Data entries

═══

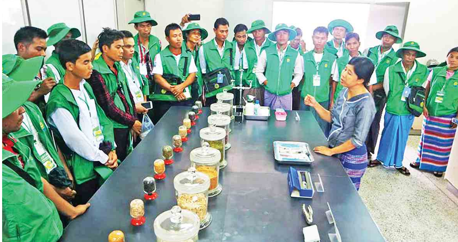
စိုက်ပျိုးရေးလုပ်ငန်းများ ဖွံ့ဖြိုးတိုးတက်စေရန် တောင်သူများအား အသိပညာပေးလုပ်ငန်းများကို ဆောင်ရွက်လျက်ရှိသည်။
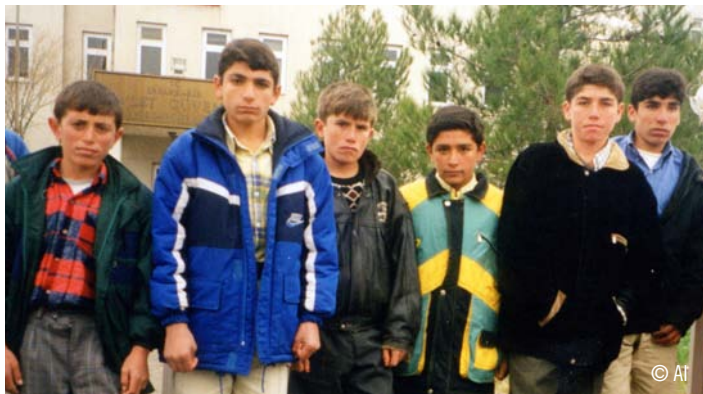
Alcuni ragazzi curdi processati in Turchia.

In Turchia, nelle province di Diyarbakir e di Adana, ci sono state molte proteste da parte della comunità curda per chiedere il rispetto dei propri diritti al governo turco. A queste manifestazioni hanno preso parte anche molte famiglie con bambini.
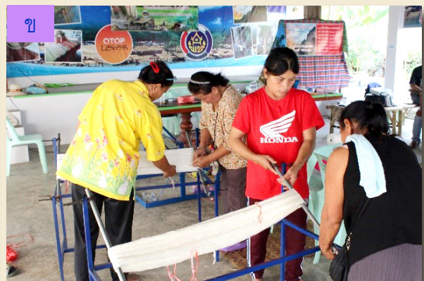
ภาพที่ 12 ก) การค้นหาเส้นด้ายพุ่งสำหรับการมัดลวดลาย ข) การนำเส้นด้ายเข้าอุปกรณ์มัดลวดลาย

กิจกรรมที่ 4 การติดตามและประเมินผลกิจกรรมการพัฒนาผลิตภัณฑ์ผ้าทอ หลังจากการดำเนินกิจกรรมแล้วเสร็จในวันที่ 8 มีนาคม พ.ศ. 2562 ผู้วิจัยร่วมกับผู้ทรงคุณวุฒิสำรวจ
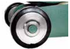
60245 Hårdgummi hjul. (Fabriksmonteret)

═══

▶ **Description of the task**: Beginning with the first entry above, reproduce every line verbatim until the line with "In Turchia, nelle", which is included too; omit pictures.

▶ **Result below**:
စိုက်ပျိုးရေးလုပ်ငန်းများ ဖွံ့ဖြိုးတိုးတက်စေရန် တောင်သူများအား အသိပညာပေးလုပ်ငန်းများကို ဆောင်ရွက်လျက်ရှိသည်။
Alcuni ragazzi curdi processati in Turchia.

In Turchia, nelle province di Diyarbakir e di Adana, ci sono state molte proteste da parte della comunità curda per chiedere il rispetto dei propri diritti al governo turco. A queste manifestazioni hanno preso parte anche molte famiglie con bambini.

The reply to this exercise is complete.